The short story is: there is no such thing.
The slightly longer story is: There never has been any such thing, there is no such thing now, and there never WILL be such a thing. Despite how much some people WANT for there to be such a thing, it isn't going to happen, so if all you care about is finding one, you can stop reading right now and go back to doing something productive such as designing yourself a daily backup regimen that will keep you from ever needing one in the first place.
Some people will say "well, yes, BUT there is the capability to disassemble the EXE file, so you CAN get back to a form of source code which can be modified. This is theortically true but has even less practical importance than does saying that you know the Egyptian pyramids are made from stone, so you should be able to recreate one any time you want.
a brief explanation:
(with apologies to folks who understand compilers and linkers and such.
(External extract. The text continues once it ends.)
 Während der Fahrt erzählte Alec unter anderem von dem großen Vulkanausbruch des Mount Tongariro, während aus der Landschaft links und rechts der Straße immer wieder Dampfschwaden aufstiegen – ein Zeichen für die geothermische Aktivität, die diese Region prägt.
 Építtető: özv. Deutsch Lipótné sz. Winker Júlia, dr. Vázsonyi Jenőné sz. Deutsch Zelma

This simplistic explanation is intended for those who basically have no idea what is going on)
Compilers take human-readable "source" code and convert it to machine code, which is just a string of ones and zeroes in a form that the CPU recognizes and knows how to process as instructions. There is a human-readable equivalent to this string of ones and zeroes and it is called "assembly language", but assembly language has the same practical relationship to compiler languages as do stones to pyramids. Actually, that is an overly generous analogy. If you KNOW you want a pyramid, then knowing it is made of stone is an important first step in building one, but given a stone, that does NOT tell you that you can put them together to make a pyramid. So the actual analogy is more like this: assembly language has the same practical relationship to compiler languages as do stones to really large physical objects of an infinite number of sizes and shapes.
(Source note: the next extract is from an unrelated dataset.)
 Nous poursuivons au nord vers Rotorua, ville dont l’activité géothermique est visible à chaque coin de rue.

The string of ones and zeroes will vary in relationship to the original source code. Some lines of VB source code will result in only a few machine language instructions and others will results in HUNDREDS of machine language instructions. To make it all even more fun, if you see a long list of machine language instructions, there is, except in some limited cases, NO way to tell where the break point is between one set (that came from one VB line) and the next set (that came from the next VB line). This is just one of many problems in decompilation, but it is a significant one.
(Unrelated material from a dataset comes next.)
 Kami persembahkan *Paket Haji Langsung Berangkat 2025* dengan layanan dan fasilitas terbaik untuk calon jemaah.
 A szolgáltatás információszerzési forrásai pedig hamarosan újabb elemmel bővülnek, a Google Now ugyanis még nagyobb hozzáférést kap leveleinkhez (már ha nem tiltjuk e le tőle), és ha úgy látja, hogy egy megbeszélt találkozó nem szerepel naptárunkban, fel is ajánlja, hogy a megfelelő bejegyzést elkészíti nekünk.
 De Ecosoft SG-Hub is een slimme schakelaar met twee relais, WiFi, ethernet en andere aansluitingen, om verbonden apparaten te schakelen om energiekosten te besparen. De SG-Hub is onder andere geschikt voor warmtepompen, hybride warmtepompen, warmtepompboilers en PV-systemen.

Complicating the executable creation process even further is the fact that, ESPECIALLY with VB, the execuatble will generally contain TONS of code that is brought in by a linker and not written by the original programmer. BUT a function call in machine language is exactly the same whether it is calling a function YOU created or one that was brought in by the linker.
In older versions of VB, the compilation process had the option of producing an intermediate "pseudo code" (aka pcode) which COULD be brought back to the original source code, at least to a reasonable degree. This fact causes some people to believe that there should be a decompiler for VB6 just because there was one for VB3. Dream on. VB6 also has a pcode option, but it does NOT have the same characteristics as previous versions and I have been told reliably (although I've not explored it myself) that it is no more decompilable than is native code ("native code" is another name for the ones and zeroes).
The ones and zeroes of an EXE file DO contain all of the relevant information from the original source code. This doesn't include variable names and a lot of the other stuff that we humans take for granted at design time, but it DOES have all of the needed information. How could it not? If it did not, then it would not do what the program was designed to do. Nonetheless, getting from the ones and zeroes back to the VB source code is, for all practical purposes, impossible. I say "for all practical purposes" because it is not theoretically impossible to get back to a compilable version (NOT the one you started with but one that is functionally equivalent). I say again, it is not theoretically impossible to build a new pyramid, since you know it is made from stone and you know what shape it has to be, but getting a program in assembly language back into a compilable version has AT LEAST as much difficulty as being given a HUGE pile of stones and then being told to build a really large object out of it, and then happening to end up with a pyramid of some exact size and shape. It just isn't going to happen, no matter how much you want it to.